I’m not sure if this story shows how I’m maturing or if it serves as further proof about how pathetic I’ve become…
When I was in college I did the typical college things. Most notably, I partied. And, of course, partying gave way to stupid and/or hilarious decisions. The most common decision was to drunk dial people and/or incoherently ramble about how “awesome” someone was. You know, like, “Hey, John, you know Karen right? Of course you do! Isn’t she just AWESOME. She’s so pretty and cool and awesome. Like SO awesome, you know?”
Oh, the good ole days!
A little while back a couple friends and I noticed I had a new drunken obsession.
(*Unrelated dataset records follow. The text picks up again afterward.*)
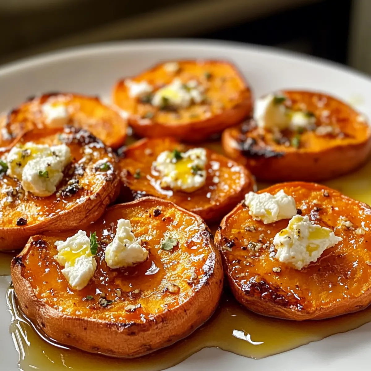 Geröstete Süßkartoffelrunden mit Honig und Feta
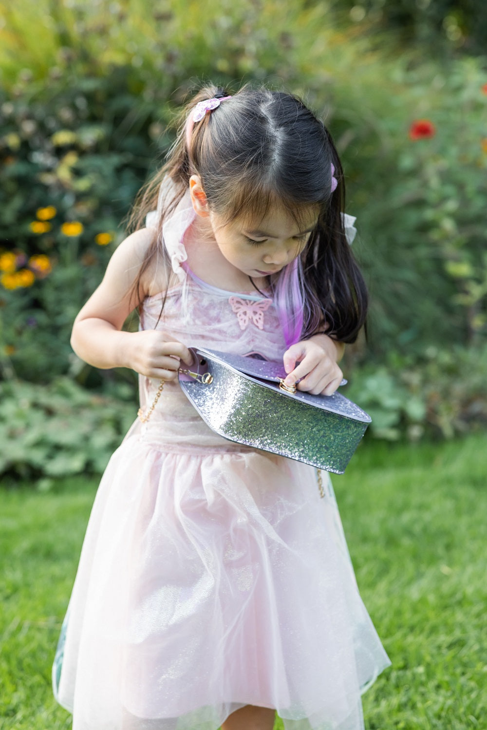 這款閃耀奪目的 Skyline 派對手提包,是每個小小時尚明星的完美配飾,讓您閃耀全場!這款耀眼的手提包通體閃閃發光,在光線下熠熠生輝。金色鏈條肩帶和同色係金色羈扣更添優雅氣質,粉紅色頂部提把則可將其作為時尚手提包使用。無論是派對、外出,或是任何需要展現魅力的時刻,這款手提包都能瞬間為您的任何裝扮增添光彩!
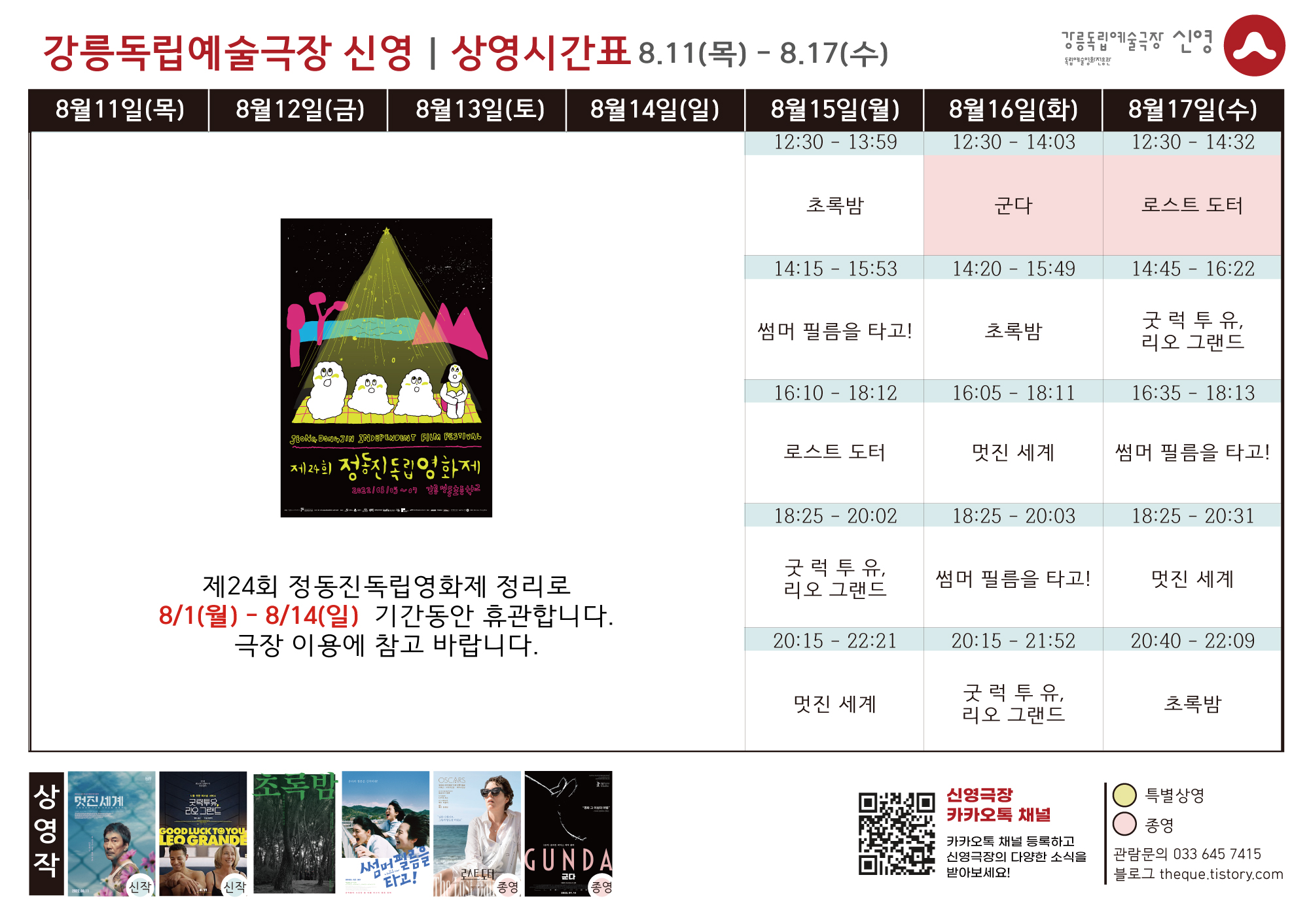 ※ 제24회 정동진독립영화제 준비 및 정리로 8/1(월) - 8/14(일) 기간동안 휴관합니다. 극장 이용에 참고 바랍니다.

Was I drunk-dialing again? Nope.
Mumbling about some hot girl I worked with? Negative.
Whining about missing my ex? Not at all.
Blabbing about some chick at the bar? No, sir.
It is none of the typical drunken hangups.
Instead, my drunk brain turns to…my dog. That’s right, my damn dog. I now ramble on about how great my dog is. Sigh, what has become of me?
I ask whatever poor group of saps happens to be out with me: “Why would anyone give away my dog? Why was she in a kennel? I mean, seriously, who would give up such a great pet!?”
It is now a running joke, that drunk-me mostly brings up to get a chuckle, but I’m sure part of drunk-me is still quite serious.
What. A. Nerd.

It could be worse.
You could be a single woman.
Talking about her cat.
For the record. My cat IS AWSOME!
Not as awesome as my dog. We should get drunk and debate it.
I hear that you actually turn to Skype sex, too. Nothing wrong with that.
i’m a big fan of the tag “drunk dials or dunk hookups no thanks i’ll snuggle with my dog.”
Skype sex? I hate to ruin some weird fantasy you have about annoymous bloggers, but none of that here.
Thanks for the compliment on the tag. I enjoy it and hope to use it often.